Brief —
Starting with the first line of the data below, copy each line up to and including the one containing "-2 completely remodeled". Pictures stay out.

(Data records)
-------------------------

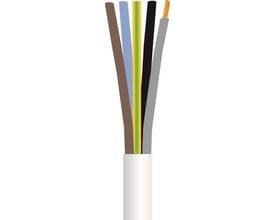 Hvid 3G1,0 PKAJ ledning fra NKT, ideel til tilledninger i brugsgenstande og indre ledninger i belysningsgenstande. Opfylder SB afsnit 6:2001.
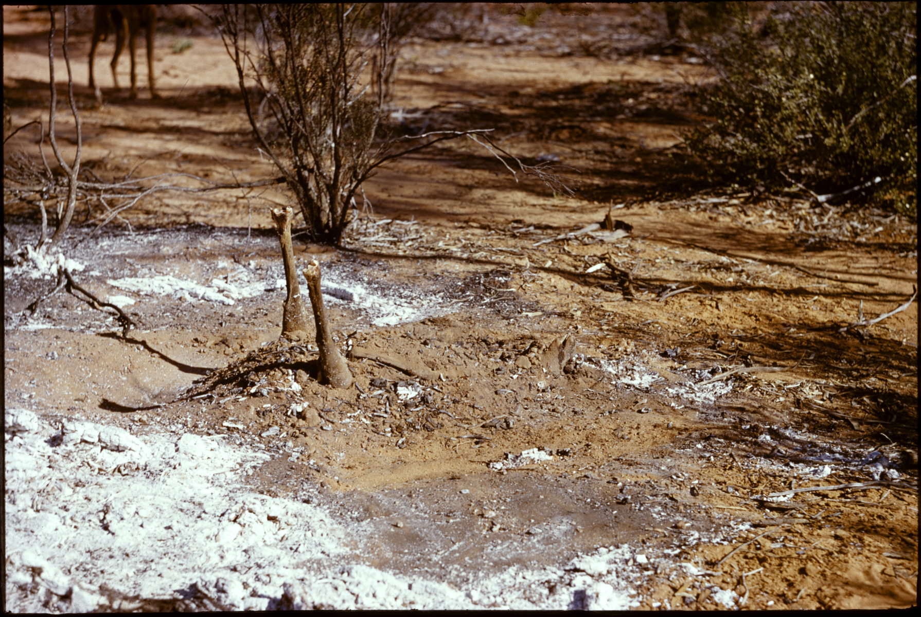 134272PD: Tjurpula Jamieson killing, butchering and cooking a kangaroo in a campfire near Cundeelee, 1977
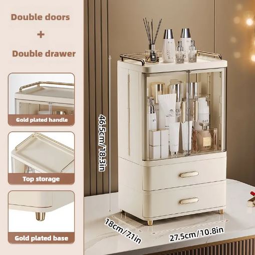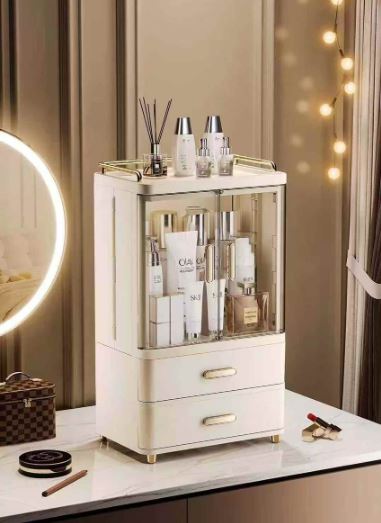 - The top section is enclosed by transparent doors, perfect for displaying and organizing skincare products, perfumes, or larger cosmetic bottles in a dust-free environment.
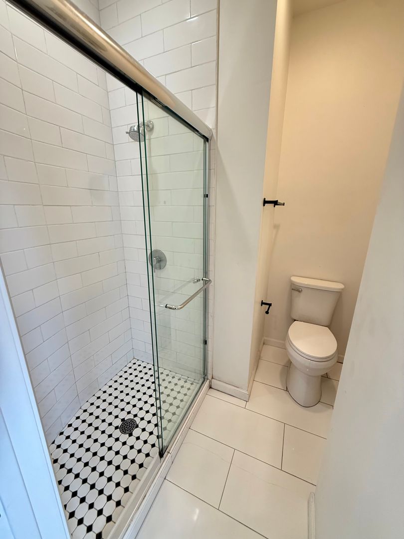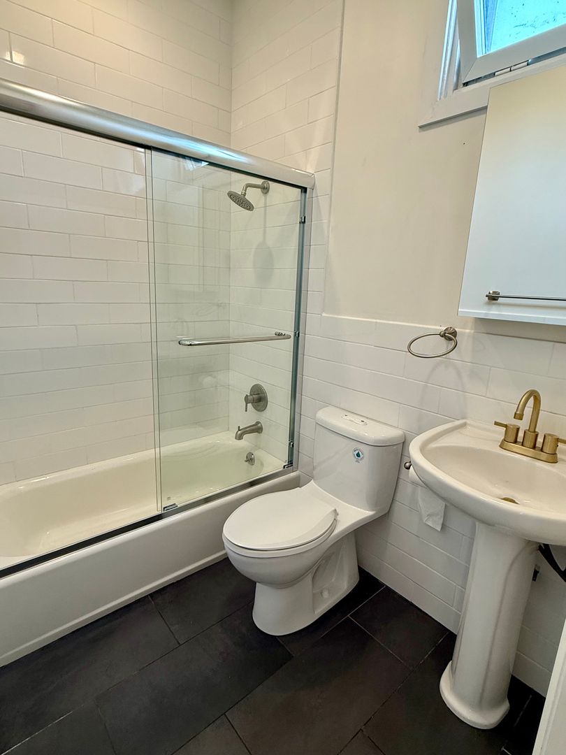 -2 completely remodeled bathrooms (primary suite has walk -in shower, guest bath has shower over tub) with subway tiles, pedestal sink.
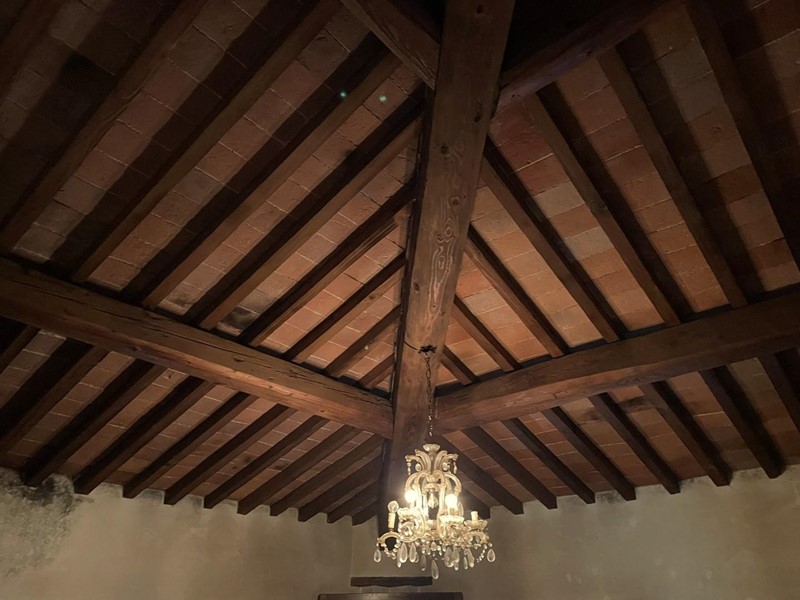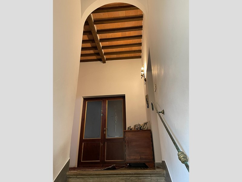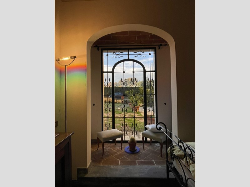 La villa principale, di circa 450 mq, è una vera dimora signorile. Il piano terra accoglie la zona giorno con ampi ed eleganti saloni: un soggiorno con grande camino in pietra, una cucina abitabile che si apre sul giardino, una sala da pranzo, una sala biliardo e uno studio. Al piano superiore si trova la zona notte, che ospita una grande suite matrimoniale con camino e bagno privato, due camere da letto aggiuntive e un altro bagno.

-------------------------

Solution for this problem —
 Hvid 3G1,0 PKAJ ledning fra NKT, ideel til tilledninger i brugsgenstande og indre ledninger i belysningsgenstande. Opfylder SB afsnit 6:2001.
 134272PD: Tjurpula Jamieson killing, butchering and cooking a kangaroo in a campfire near Cundeelee, 1977
 - The top section is enclosed by transparent doors, perfect for displaying and organizing skincare products, perfumes, or larger cosmetic bottles in a dust-free environment.
 -2 completely remodeled bathrooms (primary suite has walk -in shower, guest bath has shower over tub) with subway tiles, pedestal sink.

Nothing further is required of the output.